GRENFELL FAILINGS – TENANTS’ POINTS TO NOTE
It is now common knowledge that the principal cause of the Grenfell Tower’s rapid fire spread was defective cladding enveloping the building which was fitted in breach of building regulations. Whilst the Grenfell Inquiry sifts through the evidence and points the finger at the various professionals who comprehensively failed those residents who suffered the consequences of their errors and omissions and landlords nationwide hasten to attend to their high-rise structures, we summarise the possible answers to the following questions: -
- Who pays to remedy defective cladding?
- Who might you look to for compensation?
- How long do you have to sue?
The Landlord can look in the first instance to the tenants, subject to the terms of their lease, for a contribution to the cost of removal and installation of cladding to remedy a defect. Most standard lease terms will enable recovery under the service charge of the cost, from the tenants. There will be exceptions where a particular clause spells out the exception to this rule such as if the defect is inherent from the point of construction for instance. It is important that tenants ensure their lease is carefully scrutinised by a solicitor specialised in property law, to ensure there is no potential for challenging service charge demands in such circumstances.

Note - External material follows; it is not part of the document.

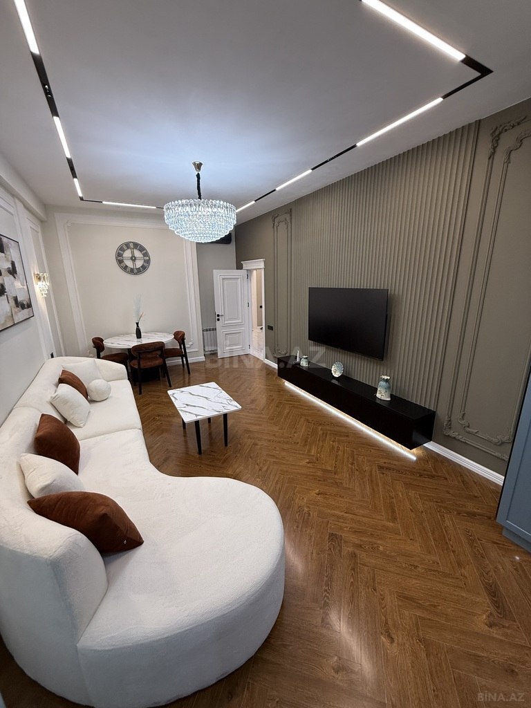 Zövqlə dizayn olunmuş interyer – təmiz və keyfiyyətli təmir, yüksək tavan (3.20 m)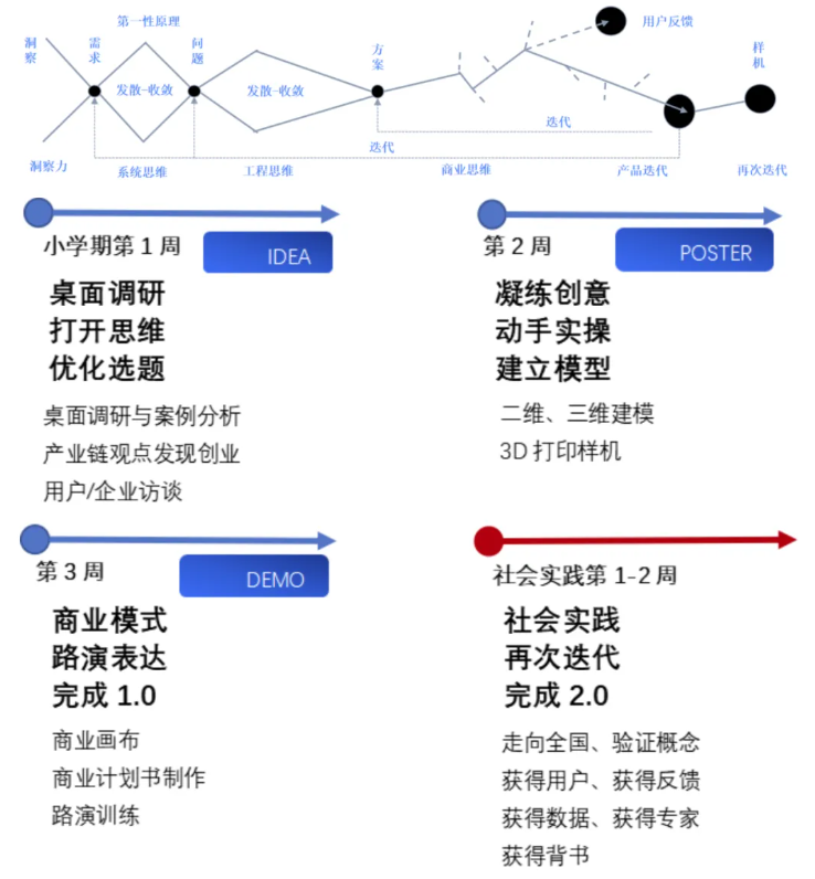 即通过3周学习“调研-原型-路演”

The Landlord has the additional option of looking to certain funds set up to cover cladding issues. These funds only operate to cover residential premises and high rise buildings exceeding a certain level. There are deadlines for application to be made for funding. The Landlord will be expected to demonstrate that they have made sufficient effort to recover the cost of remedial works from all other potential parties liable to cover these costs such as tenants, professionals and insurers.
Tenants should check their building warranty policy. Typically for new build properties, these policies will cover the tenant for a period of around 10 years. Tenants should refer large service charge demands in connection with cladding issues to the building warranty provider in the first instance.
Who to sue:
Under the Defective Premises Act 1972, any professional engaged to advise and assist in the construction of a dwelling, is potentially liable for negligent commission of their duties and obligations, and they owe a duty of care to anyone acquiring a legal title in the premises and who was entitled to rely upon those persons carrying out their duties to a proper workmanlike standard. This could mean that potentially, a tenant may look to any of the experts involved in the construction of their property, for a claim in damages, including architects, surveyors, contractors, developers, managing agents or building inspector.
How long do you have?
If you are minded to sue, it is important to keep an eye on the clock as there are statutory limitations at play – 6 years from the act of negligence or 3 years from date of knowledge of it whichever is the later.